School of Computer Science, Qufu Normal University, Rizhao, 276826, China.
School of Information and Electrical Engineering, Ludong University, Yantai, 264025, China.
BMC Bioinformatics. 2022 Jan 20;22(Suppl 12):334. doi: 10.1186/s12859-021-04220-6.
The identification of cancer types is of great significance for early diagnosis and clinical treatment of cancer. Clustering cancer samples is an important means to identify cancer types, which has been paid much attention in the field of bioinformatics. The purpose of cancer clustering is to find expression patterns of different cancer types, so that the samples with similar expression patterns can be gathered into the same type. In order to improve the accuracy and reliability of cancer clustering, many clustering methods begin to focus on the integration analysis of cancer multi-omics data. Obviously, the methods based on multi-omics data have more advantages than those using single omics data. However, the high heterogeneity and noise of cancer multi-omics data pose a great challenge to the multi-omics analysis method.
In this study, in order to extract more complementary information from cancer multi-omics data for cancer clustering, we propose a low-rank subspace clustering method called multi-view manifold regularized compact low-rank representation (MmCLRR). In MmCLRR, each omics data are regarded as a view, and it learns a consistent subspace representation by imposing a consistence constraint on the low-rank affinity matrix of each view to balance the agreement between different views. Moreover, the manifold regularization and concept factorization are introduced into our method. Relying on the concept factorization, the dictionary can be updated in the learning, which greatly improves the subspace learning ability of low-rank representation. We adopt linearized alternating direction method with adaptive penalty to solve the optimization problem of MmCLRR method.

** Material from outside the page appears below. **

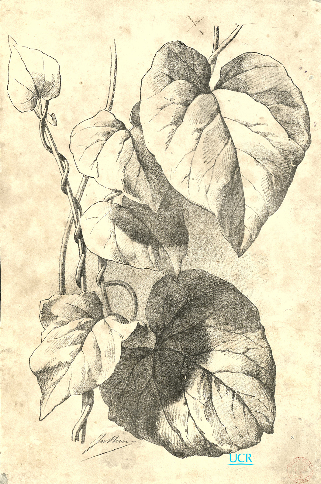 La colección de botánica, presenta litografías de dibujos que representan detalladamente una gran variedad de vegetación, como plantas, hierbas, hojas y flores.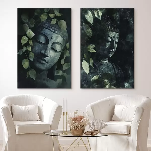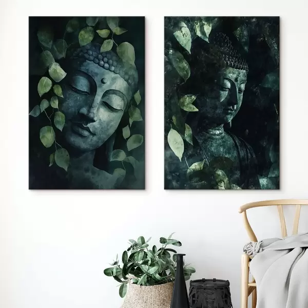 Cuadros Buda verde en hojas tropicales, estilo acuarela Nr m00451

Finally, we apply MmCLRR into the clustering of cancer samples based on multi-omics data, and the clustering results show that our method outperforms the existing multi-view methods.
癌症类型的鉴定对于癌症的早期诊断和临床治疗具有重要意义。聚类癌症样本是识别癌症类型的重要手段,在生物信息学领域受到了广泛关注。癌症聚类的目的是找到不同癌症类型的表达模式,以便将具有相似表达模式的样本聚集到同一类型中。为了提高癌症聚类的准确性和可靠性,许多聚类方法开始关注癌症多组学数据的整合分析。显然,基于多组学数据的方法比使用单一组学数据的方法具有更多的优势。然而,癌症多组学数据的高度异质性和噪声给多组学分析方法带来了巨大的挑战。
在这项研究中,为了从癌症多组学数据中提取更多用于癌症聚类的互补信息,我们提出了一种称为多视图流形正则紧致低秩表示(MmCLRR)的低秩子空间聚类方法。在 MmCLRR 中,每个组学数据都被视为一个视图,并通过对每个视图的低秩相似性矩阵施加一致性约束来学习一致的子空间表示,以平衡不同视图之间的一致性。此外,我们的方法还引入了流形正则化和概念分解。依赖于概念分解,可以在学习过程中更新字典,从而大大提高了低秩表示的子空间学习能力。我们采用带自适应惩罚的线性交替方向法来求解 MmCLRR 方法的优化问题。
最后,我们将 MmCLRR 应用于基于多组学数据的癌症样本聚类中,聚类结果表明,我们的方法优于现有的多视图方法。